Chemistry - DrBob222, Thursday, September 6, 2007 at 7:33pm
molar mass CaCO3 is closer to 100 than it is to 200. Redo that and recalculate.
mols CaCO3 x 2 is correct for mols HCl required to neutralize it.
Determine mols Al(OH)3. That will be 350/molar mass Al(OH)3.
mol HCl required to neutralize is mols Al(OH)3 x 3.
Add mols to neutralize HCl from CaCO3 to mols to neutralize HCl from Al(OH)3 to obtain total mols.
Then mols HCl = molarity HCl x volume HCl. Solve for volume HCl.
Post your work if you get stuck.
Chemistry - Anonymous, Thursday, September 6, 2007 at 8:37pm
Thank you. I redid the calculations and this is what i came up with.
i divided the .290 g of CaCO3 by 100.02 and multplied it by to to get 0.00580 moles HCl. Then I took .350 g of Al(OH)3 and divided it by 97.89 (was I supposed to multiply the aluminum by three? because i did but i'm not sure if that's the correct molecular weight) and multiplied that number by 3 to get .0107 moles HCl. Then I took the sum of .01107 moles and .00580 moles to get a total of .0165. After solving for the volume I got 1970 mL of HCl.

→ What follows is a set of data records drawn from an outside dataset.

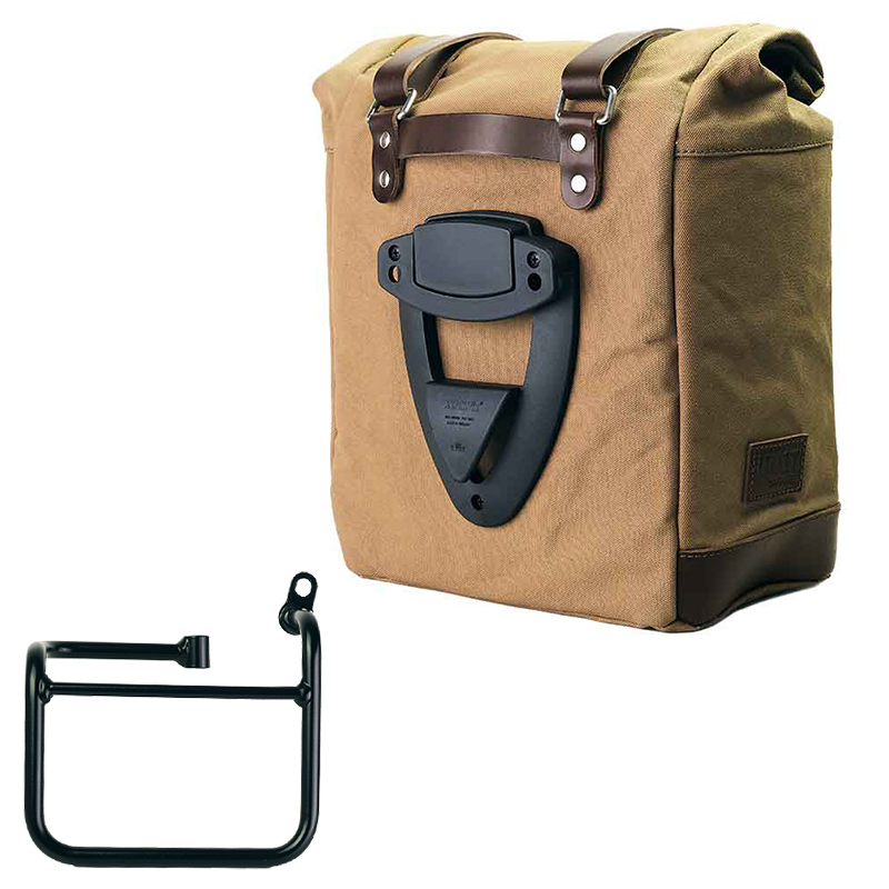 Sacoche latérale Scram extensible de 22 à 30 litres fabriquée à la main en Italie en coton imperméable robuste de la plus haute qualité.
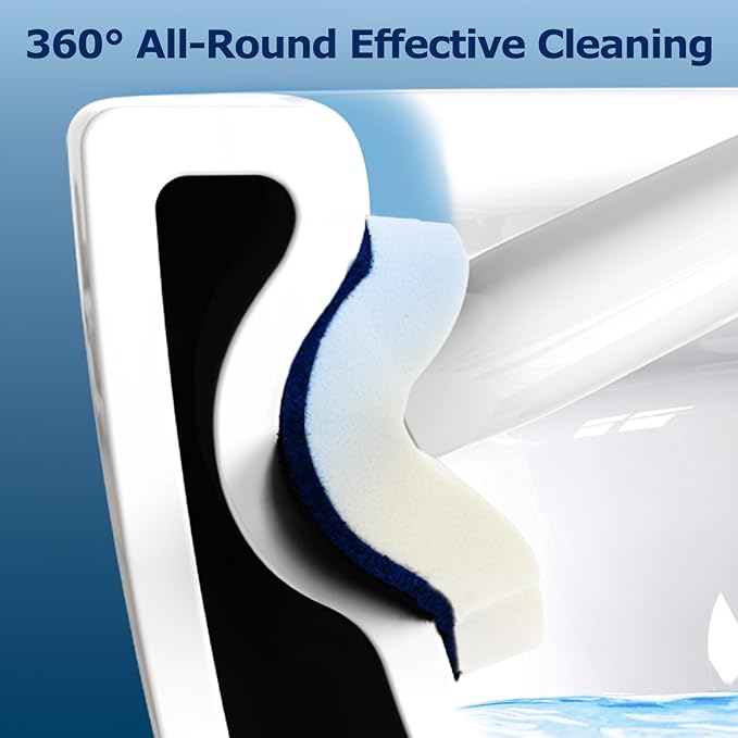 - PREMIUM QUALITY & SPACE SAVING: The arc handle connects the refill head with a 2.5-inch buckle thus refill pads will not fall off or fall apart during use. Most importantly the sponge doesn't come apart into pieces while you use it. The kit is compact and fits in a corner without taking up a lot of space. Buy it now and say goodbye to dirty toilet brushes sitting beside your toilet
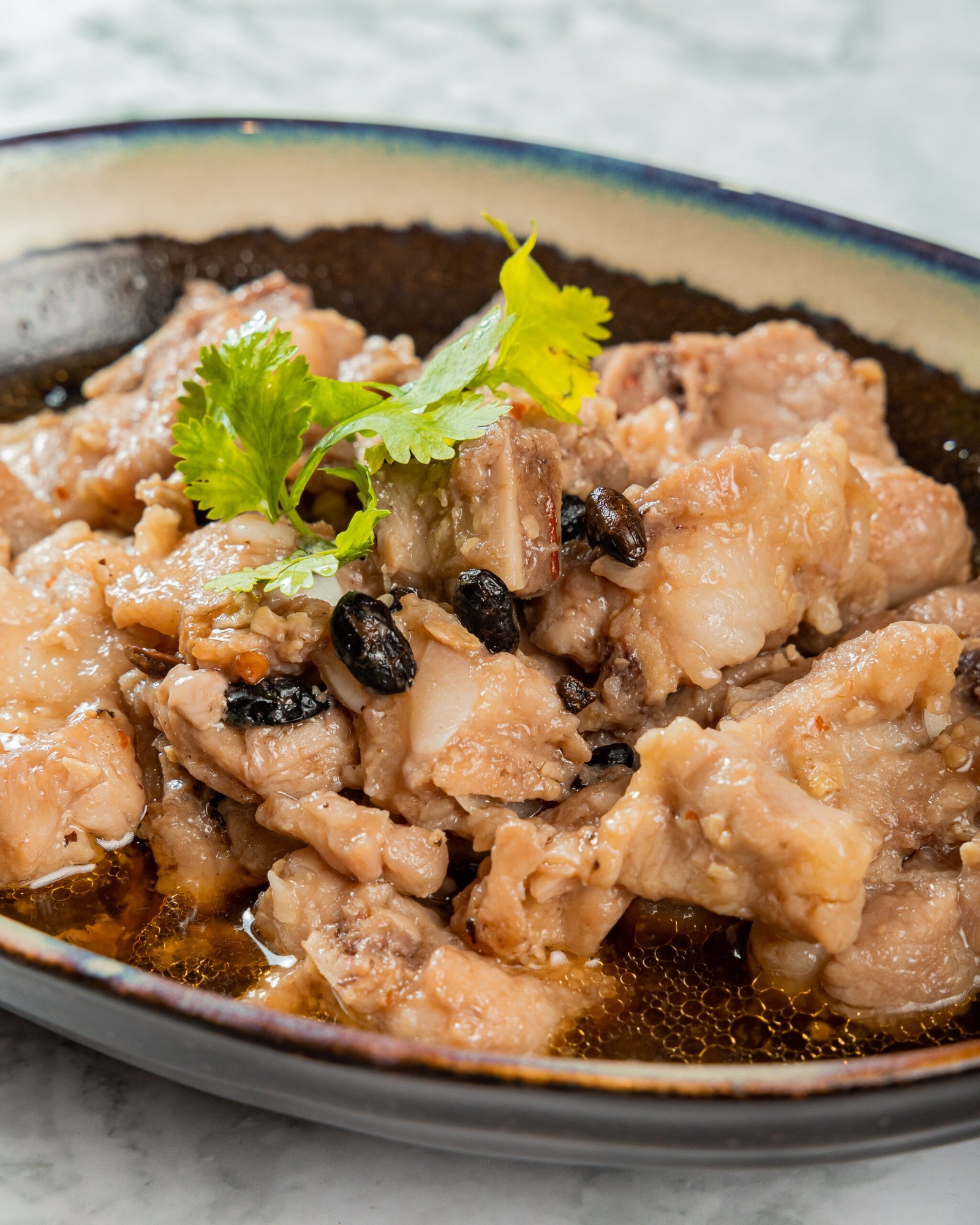 Costillitas de puerco al vapor marinadas con salsa de frijoles negros.

Chemistry - DrBob222, Thursday, September 6, 2007 at 8:46pm
0.00580 mols HCl for the CaCO3 is ok.
molar mass of Al(OH)3 can't be 98. Al is about 27 and OH is 17 so 3x17 = 51 and that plus 27 is about 78. So you need to redo that.
Yes, after finding mols Al(OH)3, multiply that by 3 to find mols HCl it will take to neutralize the Al(OH)3. Add them together and divide by 0.00836.
Chemistry - DrBob222, Thursday, September 6, 2007 at 9:07pm
I have 2304 but I may have used a slightly different value for molar masses. I used 100.08 for CaCO3 and 78 for Al(OH)3. Good problem.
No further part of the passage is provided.